Trias politika yakni pemerintah, DPR, dan lembaga yudikatif sangat penting karena
mempunyai kekuasaan. Akan tetapi bukan merupakan satu-satunya aktor utama. Dalam sistem
demokrasi di Negara Indonesia yang masih berkembang, maka wawasan penyeimbang
kekuatan mungkin lebih penting daripada trias politika. Selama keseimbangan nyata dan efektif
antara ketiga lembaga tersebut belum berakar dalam di masyarakat, maka kita bisa mencegah
ekses ketiga lembaga tersebut dengan kekuatan penyeimbang yang ada di masyarakat.
Perlu adanya penataan kelembagaan di Indonesia agar lembaga negara baru itu tetap
sejalan dalam proses menuju demokrasi. Menjadi tugas MPR-lah untuk menyusun desain
Indonesia baru.

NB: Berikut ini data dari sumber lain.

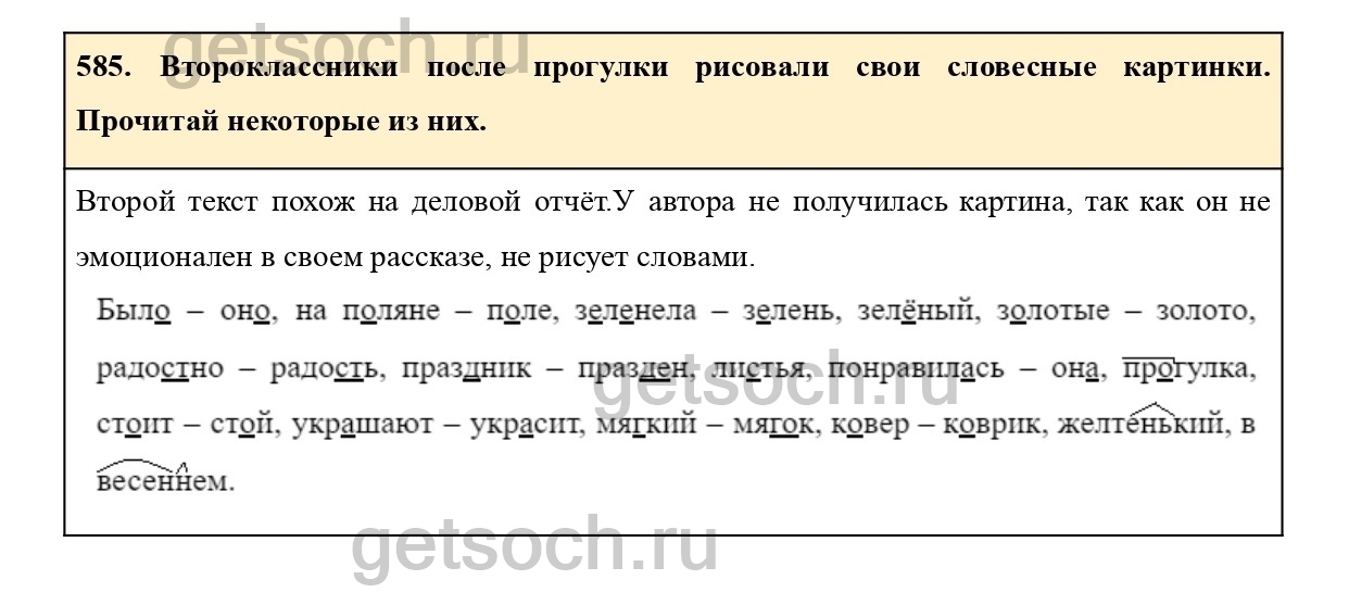 Рассмотрим ответы на Упражнение 585 из учебника по русскому языку для 2 класса Соловейчик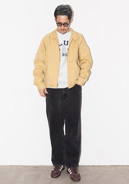 ボディとリブのカラーが異なるパターンで、古着市場でも人気。同色部材が揃わず異なる色味のパーツを組み合わせたことに端を発する。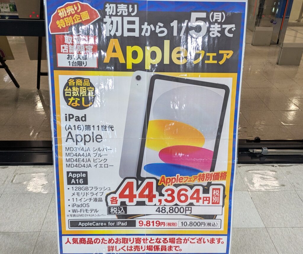 ヤマダデンキでは、2025年3月発売の「iPad 11インチ (A16) Wi-Fi 128GB」が48,800円(税込)となっています。1/5(月)まで。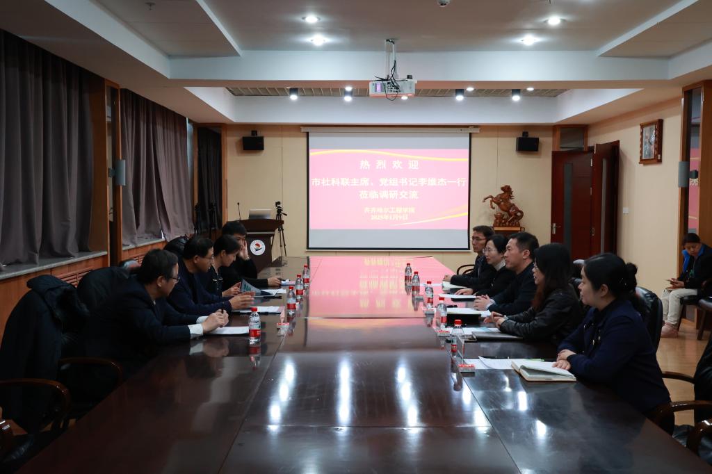 1月9日下午,齐齐哈尔市社科联主席、党组书记李维杰,副主席、党组成员王微,副主席、党组成员刘新伟、市哲学社会科学规划办周浩一行来校调研交流。学校党委书记郭伟东、副院长张静、科研处处长张平、马克思主义学院院长赵婷婷、科研处宋庆永陪同调研并参加座谈会。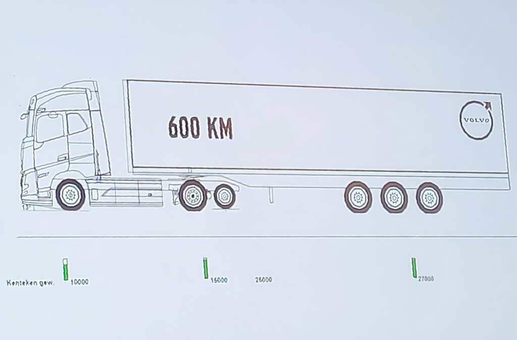 “De voordelen van de elektrische as zijn bekend”, vertelde Jan Schouten, manager energy transition bij Volvo Trucks tijdens de jaarlijkse persbijeenkomst, met als locatie logistiek dienstverlener CSE in Weert. “De elektrische as schept ruimte in het chassis, waardoor er meer accupakketten meekunnen. Maar meer zware accupakketten, goed voor 800 kWh, betekent ook een zwaarder voertuig en een hoger gewicht per as, iets dat soms bij de huidige versie van de FH Electric al kritiek is.” Daarom wordt de nieuwe FH Electric een 6×2 voertuig, met na de aangedreven e-as nog een gestuurde naloopas. “Daarmee wordt het gewicht evenwichtiger verdeeld”, aldus Schouten. “De naloopas is smal zodat hij goed onder de trailer past. Hij voldoet daarom aan de eis van de bestreken baan.”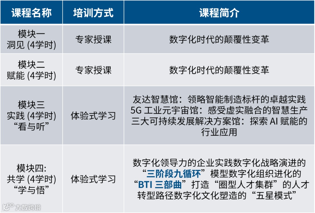 课程贯穿实战练习,从数字化战略制定到组织进化、人才转型、文化塑造,保证转型成果落地生根。
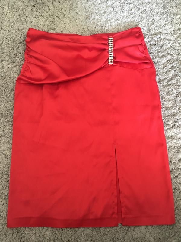 Червона атласна спідниця. Стан нової, не вистачає одного камінчика.Розмір С.Красива розпорка на лівому коліні.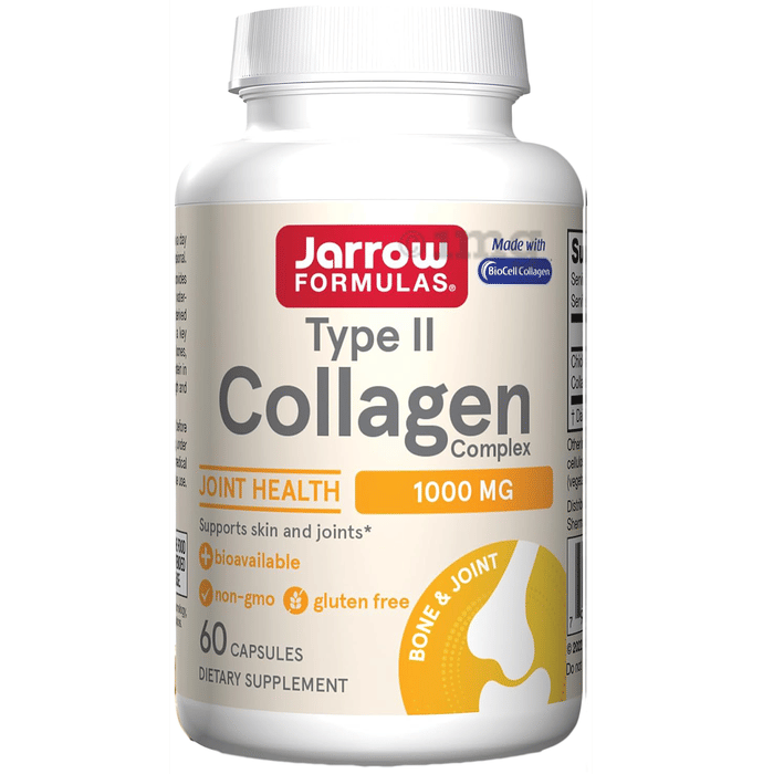 Jarrow Formulas Type II Collagen Complex 1000mg Capsule is a dietary supplement formulation containing BioCell Collagen, a patented, low molecular weight, water-soluble glycosaminoglycan complex derived from chicken sternum cartilage. The BioCell Collagen may help support joint health and skin elasticity. The chicken sternum collagen extract supports the strength and resilience of connective tissues, including bones, joints, and skin. The combination helps support overall joint comfort and skin health for both men and women.

Terlepas dari mampu tidaknya MPR melaksanakan tugas itu, penataan
kelembagaan secara konsepsional menjadi tugas dan tanggungjawab MPR. MPR dituntut lebih
berpikir konsepsional demi mendesain Indonesia baru meskipun publik meragukannya.
BAB III

PENUTUP

A. Kesimpulan

1. Trias politika adalah suatu faham kekuasaan yang digulirkan filsuf, konsep
tersebut untuk pertama kali dikemukakan oleh John Locke (1632-1704) dan
Montesquieu (1684-1755) yang terdiri dari 3 bagian, yaitu legislatif, eksekutif
dan yudikatif.
2. Di era modern ini, dapat terlihat bahwa teori pemisahan kekuasaan yang
diungkapkan oleh Montesquieu lah yang diterima. Pasalnya, Montesquieu tidak
menggunggulkan posisi satu lembaga. Ketiga lembaga negara yang
menjalankan fungsi yang berbeda, yakni legislatif, eksekutif, dan yudikatif
bekerja secara terpisah dan melakukan kontrol satu dan lainnya dengan check
and balance.
3. Lembaga legislatif diharapkan dapat menghasilkan hukum dan kebijakan yang
sesuai dengan rakyat. Lembaga legislatif dengan klaim wakil rakyat akan
mengkoreksi kebijakan pemerintah. Lembaga eksekutif akan memperhatikan
rakyat sepenuhnya, karena jika tidak, rakyat tidak akan memilih
mereka.lembaga yudikatif pun diharapkan mandiri dan independen untuk
mengadili pelanggaran hukum yang terjadi.
4. Tetapi dalam penerapannya di Indonesia tidak berjalan seuai dengan yang
diharapkan, karena system KKN yang mendarah daging di Indonesia sehingga
diharuskannya menambah lembaga untuk mengontrol keadaan tersebut.
B. Saran
Pembagian kekuasaan merupakan hal yang bermanfaat bagi jalannya
pemerintahan yang lebih efektif dan lebih adil. Walaupun pemisahan kekuasaan secara
absolut sulit untuk dijalankan, pemerintah harus tetap bekerja keras untuk menjalankan
pemisahan kekuasaan yang ada. Indonesia harus menjalankan pemerintahan yang
bersih. Hal itu merupakan upaya pemerintah dalam menjamin tegaknya hak rakyat
dalam sebuah negara. Untuk mengawasi ketiga lembaga yang berfungsi secara terpisah
tersebut, maka pemerintahan harus giat melaksanakan check and balances sehingga
fungsi dan tujuan utama dari negara untuk memakmurkan rakyatnya dapat terwujud.
DAFTAR PUSTAKA

Budiardjo, Miriam. 2006. Dasar-Dasar Ilmu Politik. Jakarta : Gramedia.


Suhelmi, Ahmad. 2007. Pemikiran Politik Barat. Jakarta : Gramedia.
Ranadireksa, Hendarmin. 2007. Dinamika Konstitusi Indonesia. Bandung: Fokusmedia,
Pickles, Dorothy. 1991. Pengantar Ilmu Politik. Jakarta: Rineka Cipta.
M.S., Kaelan. 2003. Pendidikan Pancasila. Yogyakarta : Paradigma.